Beginning with the vaudeville circuit right at the turn of the last century, he introduces the very first stand up comedian, an emcee that abandoned physical shtick for straight jokes. After Prohibition was repealed, Mafia-run supper clubs replaced all of the speakeasies, and mobsters replaced the vaudeville impresarios as the comedian’s primary employer.

During the fifties, the late-night talk show brought stand-up to a wider public, as Lenny Bruce, Jonathan Winters, and Mort Sahl attacked conformity and staged a comedy rebellion in coffeehouses. From the part that comedy in the Civil Rights movement and the social upheaval of the late sixties to the very first comedy clubs of the seventies as well as the cocaine fueled comedy boom of the eighties, “The Comedians” culminates with a new era of media-driven celebrity during the 21st century.

Readers like this book because no matter how much they knew about a certain comic, they still came away learning something about them. It is an informative and imperative read for anybody that is interested in entertainment and show business. This is an exhaustive, scholarly yet entertaining study of this unique creative art form. Kliph is a true student of the craft and this book is no fluff piece, with plenty of grit to it.

“We Had a Little Real Estate Problem: The Unheralded Story of Native Americans and Comedy” is a non-fiction book that was released in the year 2021. The title comes from one of the most reliable jokes that Charlie Hill had in his routine. It was about his people being from Wisconsin, but originally they were from New York. They had a little real estate problem is all.

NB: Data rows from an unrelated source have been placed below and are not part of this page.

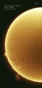 Qualche sera fa, quando il software di acquisizione proponeva tra i tanti oggetti del cielo qualcosa di insolito con una sigla improponibile, ero inizialmente titubante se riprendere o meno: se è sempre facile andare sul sicuro e riprende nebulose o galassie tra le più celebri, è sempre un rischio riprendere oggetti poco noti, con l’incognita del risultato finale. Questo oggetto era catalogato addirittura come stella, e la sua sigla era HIP 95428. Ci trovavamo nel profondo della Costellazione della Volpetta, ma il vero spettacolo doveva ancora arrivare. Ripresi i miei lights e i files di calibrazione e andai a dormire. L’indomani elaborai tutto quanto, e il risultato fu questo: milioni di stelle dall’aspetto aureo, con al centro la stella sopracitata con quell’aspetto azzurro. Si trattava in realtà di una nebulosa a riflessione: VDB 126 o Lochness Nebula. Credo sia valsa la pena! Askar 120 Apo ridotto a f/5,6 Zwo ASI 2600 MC PRO Optolong L-Quad Enhance Touptek 250 AR guide Zwo 120 mini mm EAF Asiair plus Celestron Avx 30 lights da 200″ 13 darks 21 biases 20 flats Software: Siril Photoshop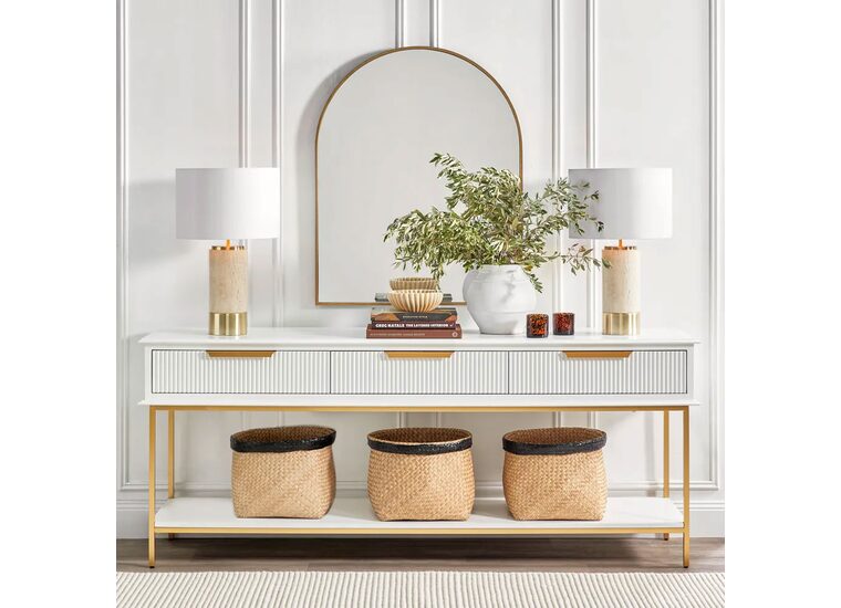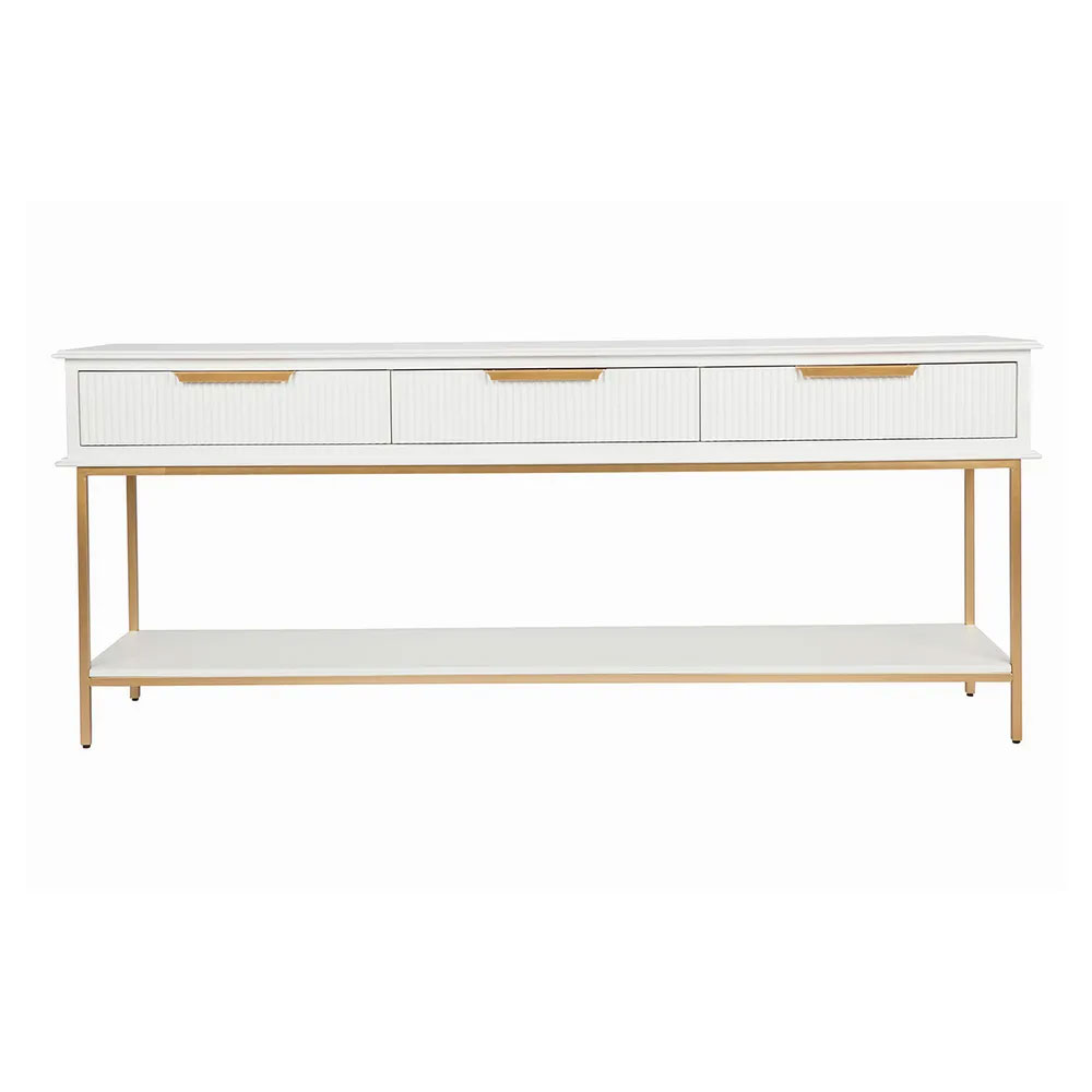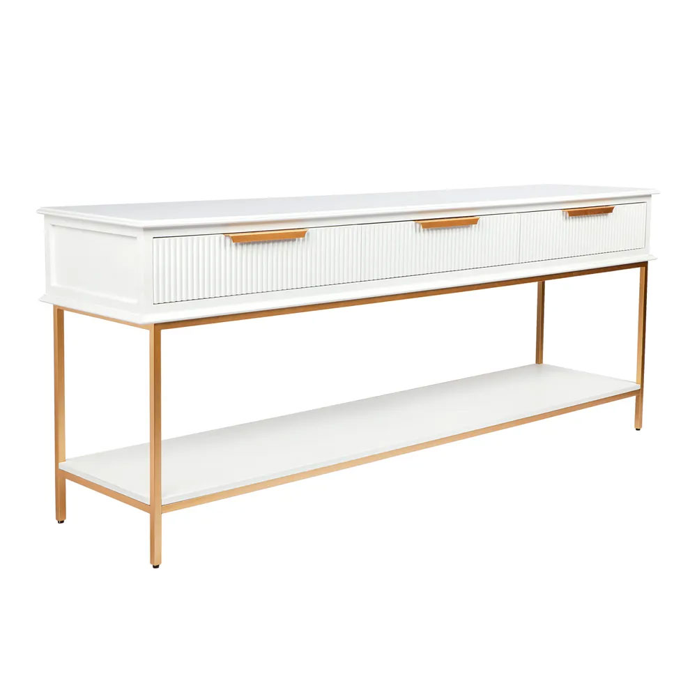 Classic contemporary in design, the large Aimee console table features three fluted drawer fronts and an elegant streamline profile in a satin white painted finish with contemporary gold metal hardware and iron frame.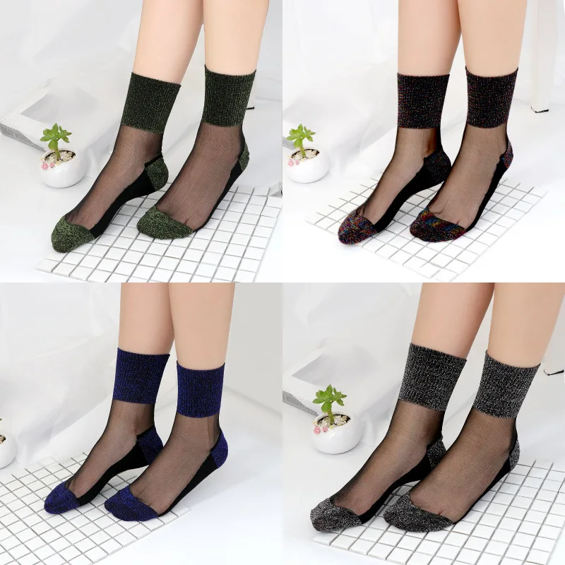 Сексуальные кружевные шелковые сетчатые носки, прозрачные тянущиеся эластичные тонкие женские носки по щиколотку, 1 пара = 2 шт., TMD03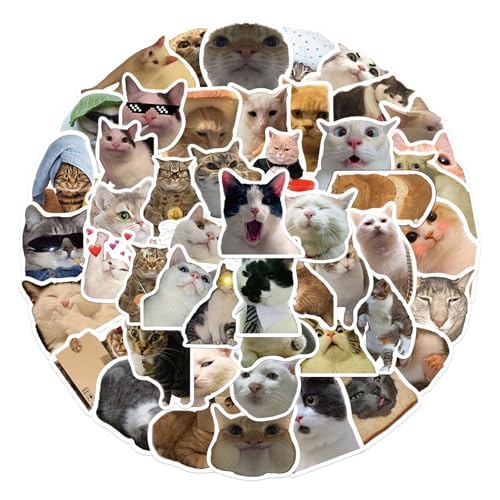 50pcs Cute Cat Stickers, Funny Meme Cats Decals Sticker Pack for Cat Lovers, Waterproof Vinyl Aesthetic Stickers for Kindle Water Bottles Skateboard Guitar Scrapbook Luggage (Art Deco)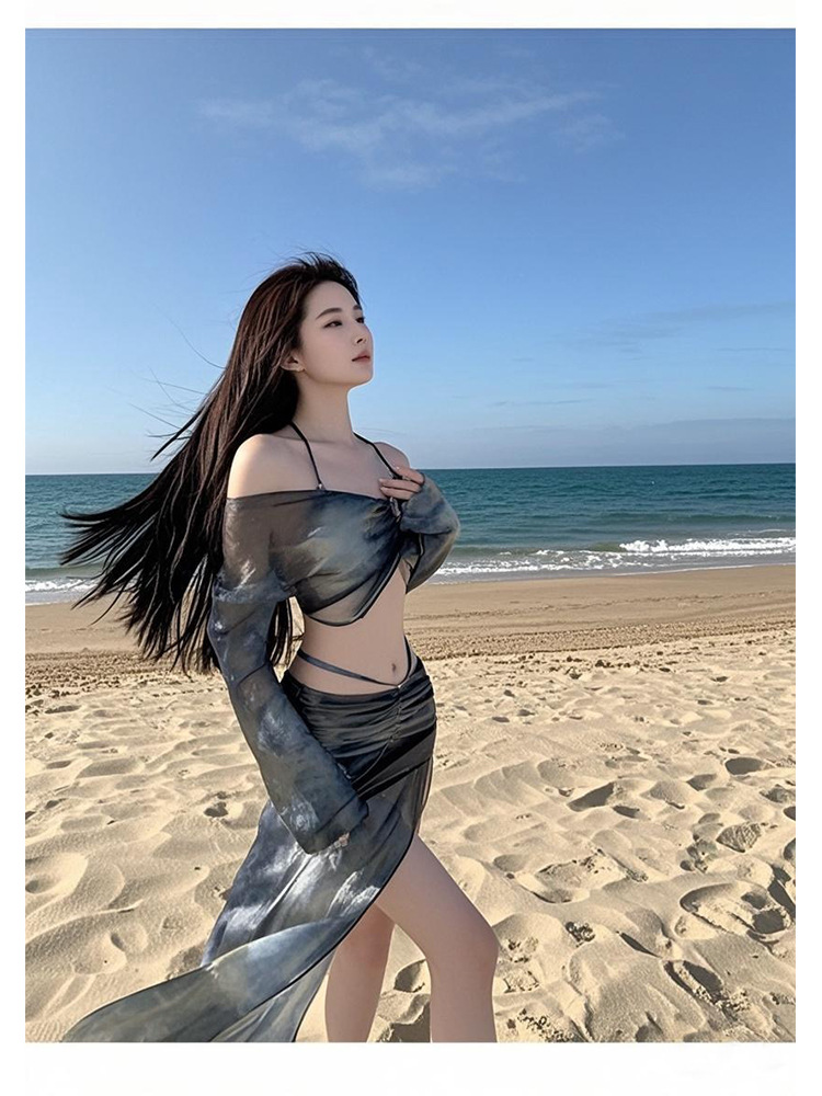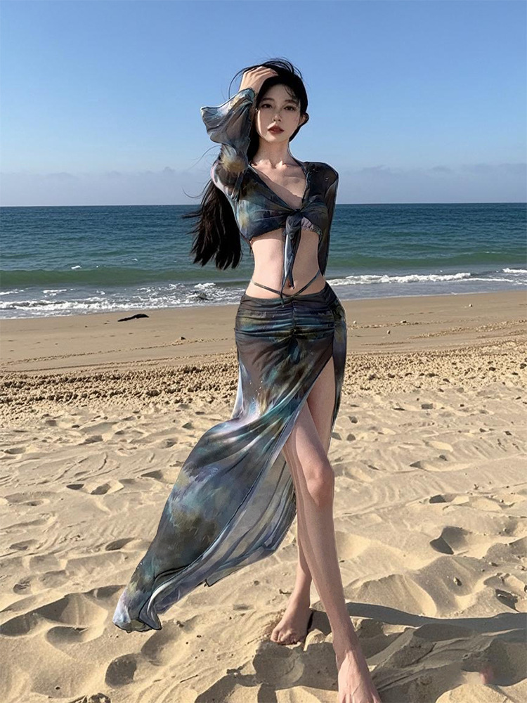 비키니 수영복 여성용 긴 소매 긴 원피스 분할 4 피스 세트 패션 타이-염료 태양-보호 및 고기 커버 섹시한 온천 수영복

Kliph focuses on one of comedy’s most significant and little known stories: how, despite getting denied representation in the entertainment industry, Native Americans have still advanced and influenced the art form.

The account starts during the late 1880s, when Native Americans were forced touring in the wild west shows as an alternative to going to prison. One comedian described it as if some Guantanamo detainee had to appear on X-Factor, all of a sudden. It’s followed by a detailed look at the work and life of seminal figures like Cherokee humorist Will Rogers and Charlie Hill, who during the seventies was the first Native American comedian to appear on The Tonight Show.

Also getting profiled are many contemporary comedians, like a social worker from the Red Lake Nation that drives five hours to the nearest comedy club to pursue his standup dreams, named Jonny Roberts. The 1491s, a sketch troupe whose satire is crushing stereotypes to critical acclaim. And a Kiowa-Apache comic Adrianne Chalepah, who formed the touring group called the Native Ladies of Comedy.

Featuring dozens of original interviews and the exhaustive research which is Kliph’s trademark, this is a powerful tribute to a neglected legacy.